▸ **Material for this exercise**:
......

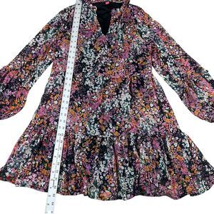 Vince Camuto Floral Short Dress Three Tiered Boho Lined Long Sleeve Size Small
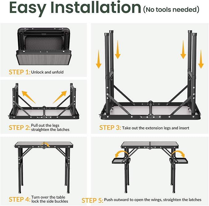 - Simple 5-step Installation (No tools needed). Step 1: Unlock and unfold. Step 2: Pull out the legs and straighten the latches. Step 3: Take out the extension legs and insert. Step 4: Turn over the table and lock the side buckles. Step 5: Push outward to open the wings, straighten the latches. Done. Please refer to the installation steps in the picture.
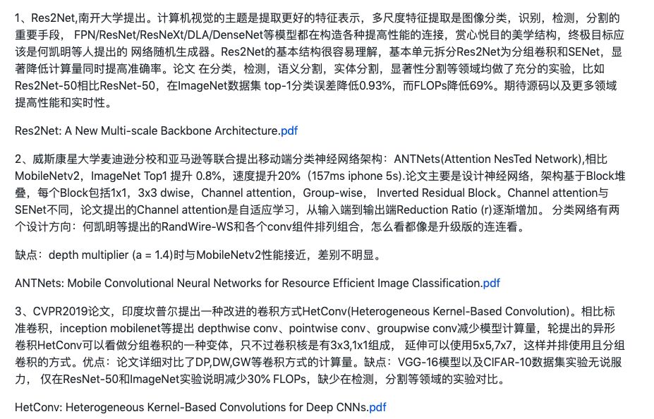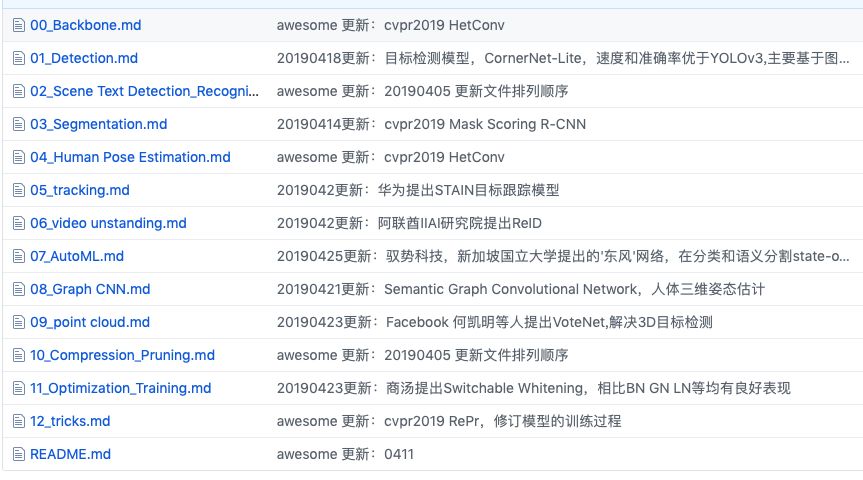 从内容上来看,总共分为12类,包括:Backbone、Detection、场景文本检测、分割、人体姿态评估、Tracking、视频理解、AutoML、Graph CNN、Point Cloud、压缩剪切、优化训练、训练技巧等。
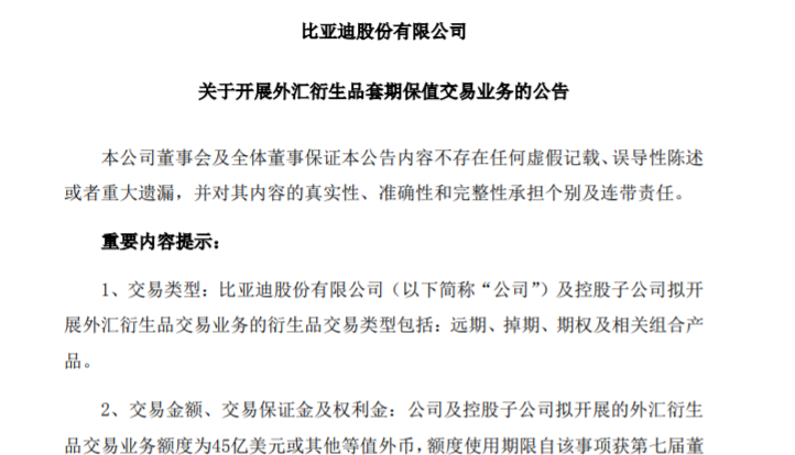 比亚迪在公告中表示,公司及控股子公司开展的外汇衍生品交易业务与日常经营需求紧密相关,是基于外币资产、负债状况以及外汇收支业务情况具体开展。公司及控股子公司进行适当的外汇衍生品交易业务能够提高积极应对外汇波动风险的能力,更好的规避汇率风险、利率风险,增强财务稳健性。
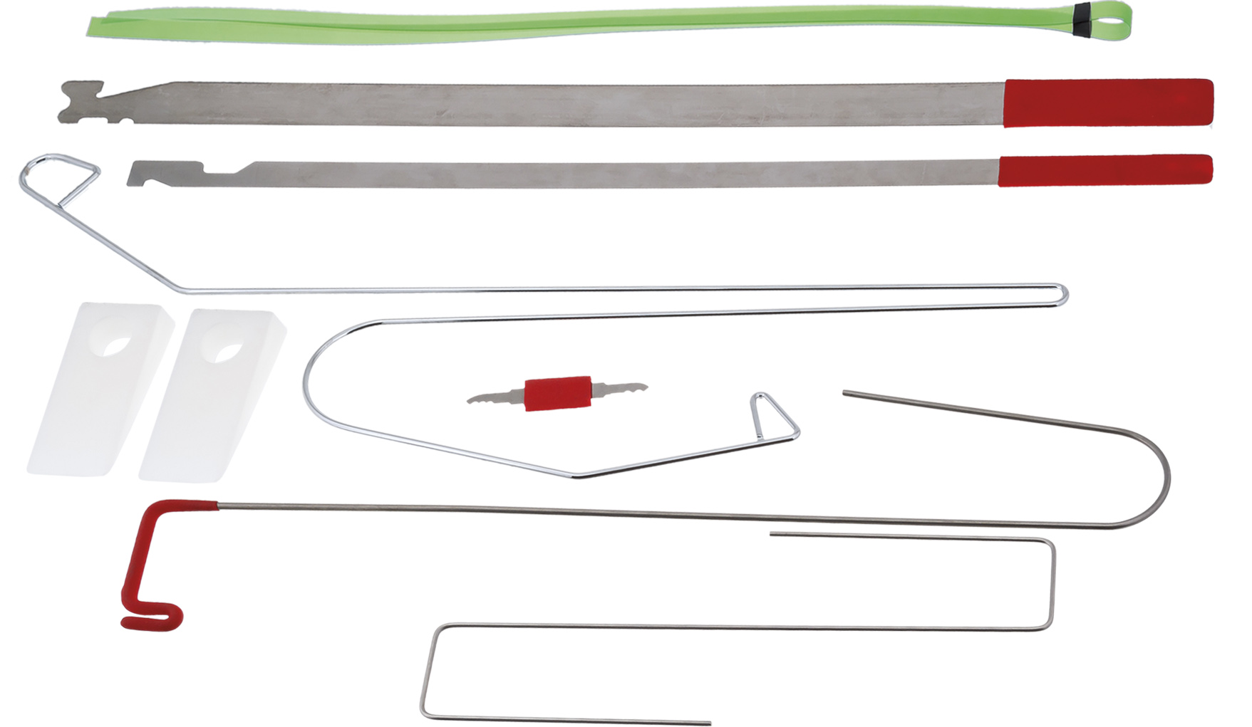 KA-9001-1 Универсальный набор открывания дверей. Предназначен для открывания дверей автомобиля при случайном срабатывании центрального замка или потери ключей. Особенности: Набор включает все необходимые инструменты для открывания дверей автомобилей разных марок и моделей. Позволяет разблокировать замки дверей автомобиля механическим способом, не нанося повреждений декоративным элементам (резиновым уплотнителям, молдингам и т.д.). Специальная отмычка для вскрытия крышки бензобака. Удобный чехол для хранения инструмента. Комплектация: Приспособления для открывания дверей - 9 шт. Инструкция - 1 шт. Чехол для хранения - 1 шт.
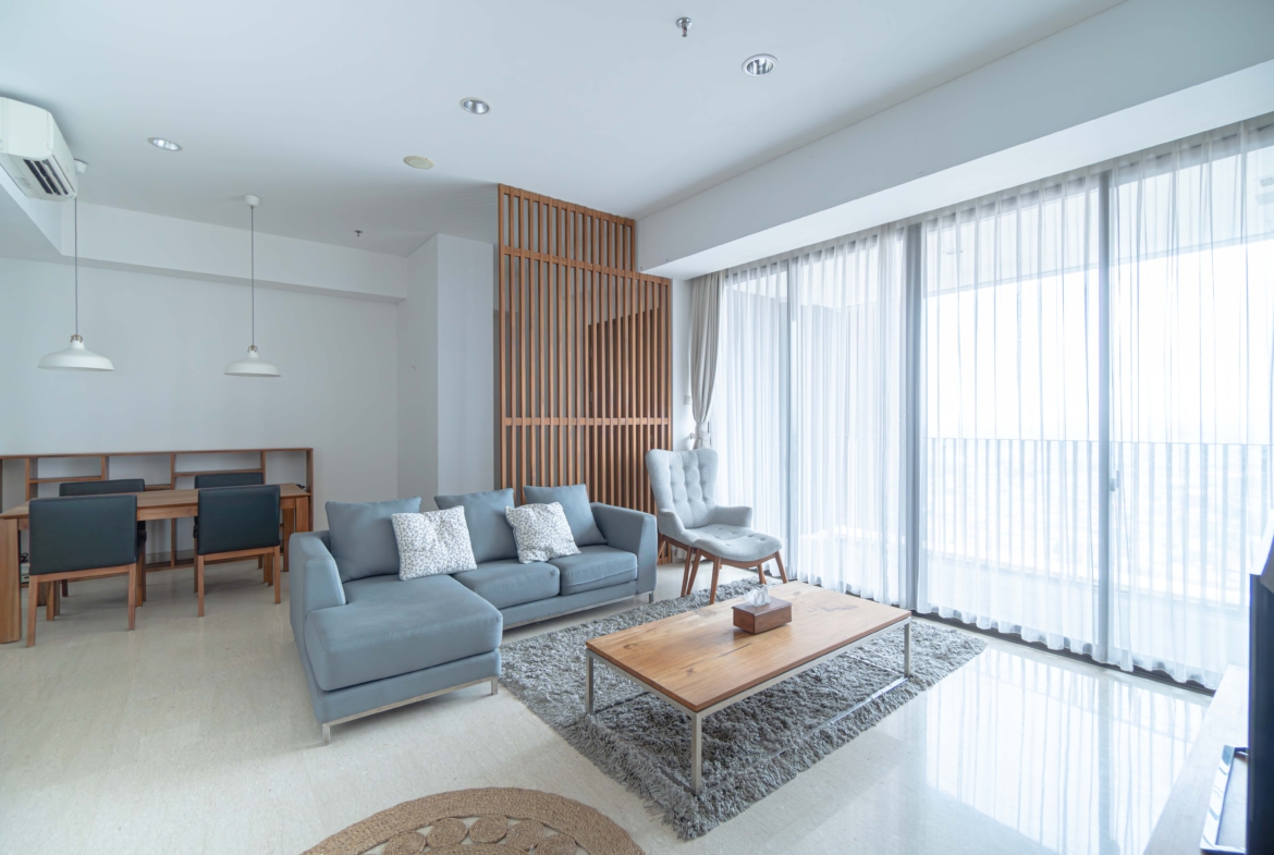 Modern living at its finest in this elegant 3-bedroom apartment at One Park Residence, Gandaria South Jakarta. Enjoy luxurious amenities and a prime location in the heart of the city

......

▸ **Instructions to follow**:
Output the listing unchanged, pictures excluded.

▸ **Output for this task**:
 Vince Camuto Floral Short Dress Three Tiered Boho Lined Long Sleeve Size Small
 - Simple 5-step Installation (No tools needed). Step 1: Unlock and unfold. Step 2: Pull out the legs and straighten the latches. Step 3: Take out the extension legs and insert. Step 4: Turn over the table and lock the side buckles. Step 5: Push outward to open the wings, straighten the latches. Done. Please refer to the installation steps in the picture.
 从内容上来看,总共分为12类,包括:Backbone、Detection、场景文本检测、分割、人体姿态评估、Tracking、视频理解、AutoML、Graph CNN、Point Cloud、压缩剪切、优化训练、训练技巧等。
 比亚迪在公告中表示,公司及控股子公司开展的外汇衍生品交易业务与日常经营需求紧密相关,是基于外币资产、负债状况以及外汇收支业务情况具体开展。公司及控股子公司进行适当的外汇衍生品交易业务能够提高积极应对外汇波动风险的能力,更好的规避汇率风险、利率风险,增强财务稳健性。
 KA-9001-1 Универсальный набор открывания дверей. Предназначен для открывания дверей автомобиля при случайном срабатывании центрального замка или потери ключей. Особенности: Набор включает все необходимые инструменты для открывания дверей автомобилей разных марок и моделей. Позволяет разблокировать замки дверей автомобиля механическим способом, не нанося повреждений декоративным элементам (резиновым уплотнителям, молдингам и т.д.). Специальная отмычка для вскрытия крышки бензобака. Удобный чехол для хранения инструмента. Комплектация: Приспособления для открывания дверей - 9 шт. Инструкция - 1 шт. Чехол для хранения - 1 шт.
 Modern living at its finest in this elegant 3-bedroom apartment at One Park Residence, Gandaria South Jakarta. Enjoy luxurious amenities and a prime location in the heart of the city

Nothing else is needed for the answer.